Mr McCafferty said Threshold was not against the rent a room scheme as “all supply is better than the abject lack of supply right now”.
“There is an inherent paradox though that if you’re a provider of a rent a room scheme your tax situation is highly favourable compared to smaller landlords with registered tenancies who are letting out an entire house to two, three or four people,” he said.
“People in those rented rooms effectively have no rights and that came to the fore at the beginning of the pandemic, the first lockdown, where the moratorium came in clearly for tenants, recognised tenancies, but there weren’t any rights for licensees.
“We’re not advocating that rent a room licensees receive exactly the same legal treatment that mainstream tenants enjoy but a number of circumscribed rights needs to be considered and that’s one thing that research has identified.”
Aideen Hayden, chair of Threshold’s policy and research group, noted the Government has been “promoting” the scheme.
“The rent-a-room scheme is basically where you rent out a room in your house, that person is not a tenant, they have no protection under RTB [Residential Tenancies Board], they have no rights whatsoever basically, they are a licensee in your home and for that you can earn up to €14,000 a year tax free,” she said.

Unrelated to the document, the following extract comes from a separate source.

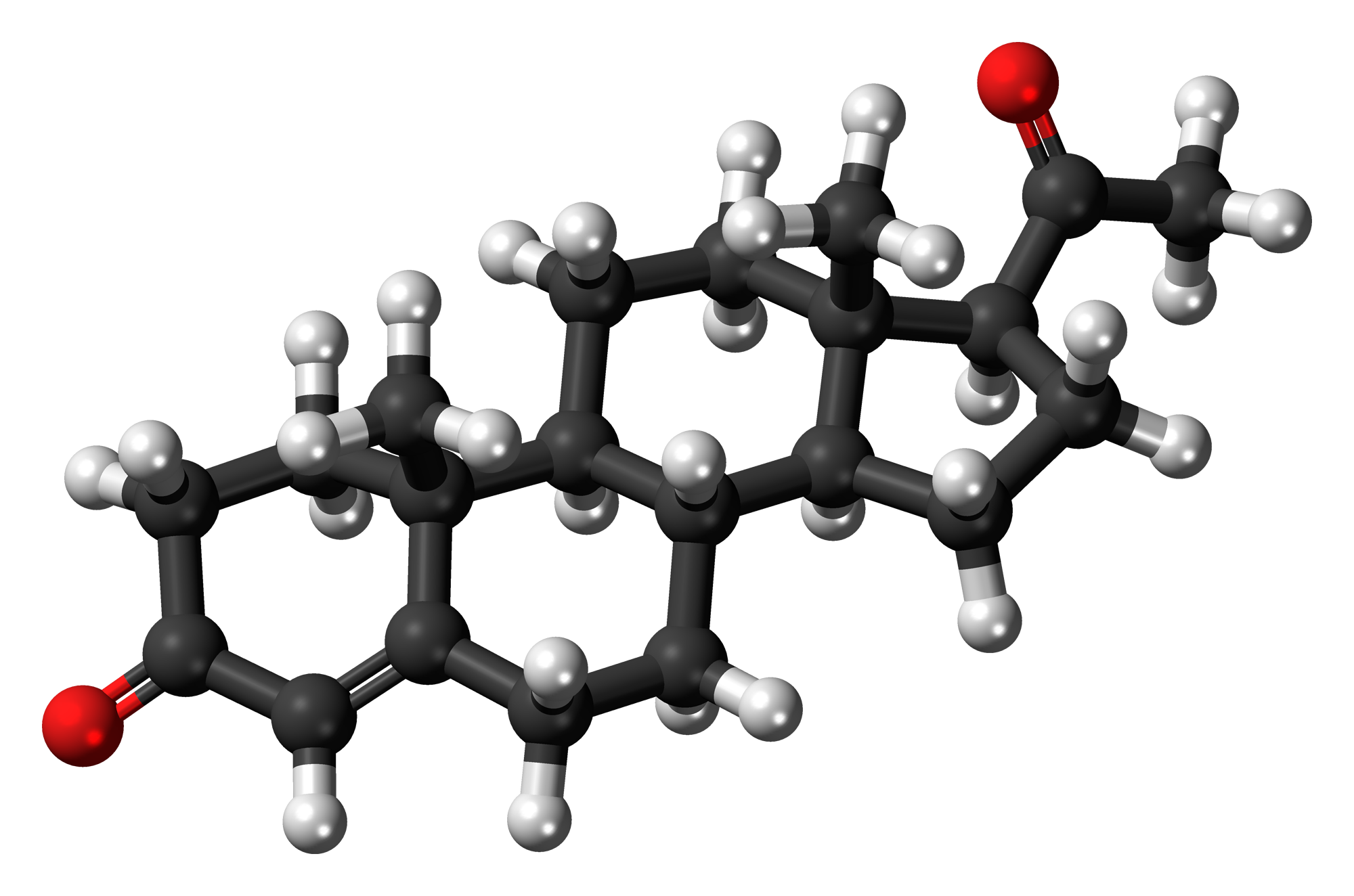 Ball-and-stick model of the progesterone molecule, a steroid hormone that controls the menstrual cycle. Colour code: Carbon, C: black Hydrogen, H: white Oxygen, O: red
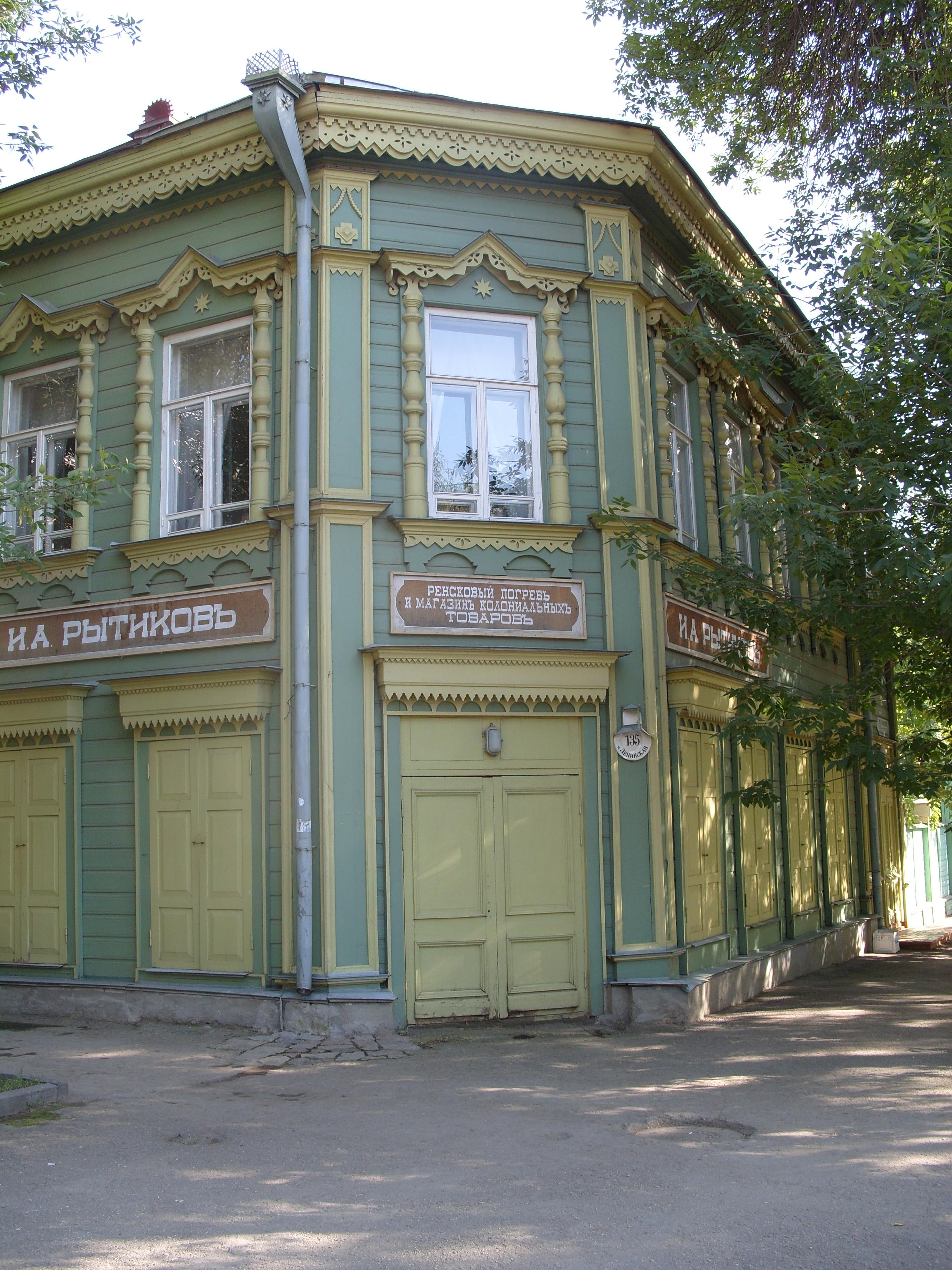 Lenin's house in Samara

“If you were a landlord, you would actually have to make €28,000 plus a year to get the same income. Therefore we are actually actively supporting a tax policy that gives people fewer rights, puts them in much more precarious positions with nobody to turn to such as the RTB. How is that logical? It’s not.”
Ms Hayden said the issues of tax policy and retaining landlords in the sector had to be taken on board and examined.
“Realistically we see this day in and day out,” she said. “People are getting notices of termination because landlords are leaving the market ... we do need to look at why they’re leaving, but they say they are leaving because of tax.”
Ms Hayden also said renters were facing into “a really difficult winter and probably a really difficult spring next year”.
She said as people were paying more for food and energy, tenants would inevitably “fall into rent arrears”.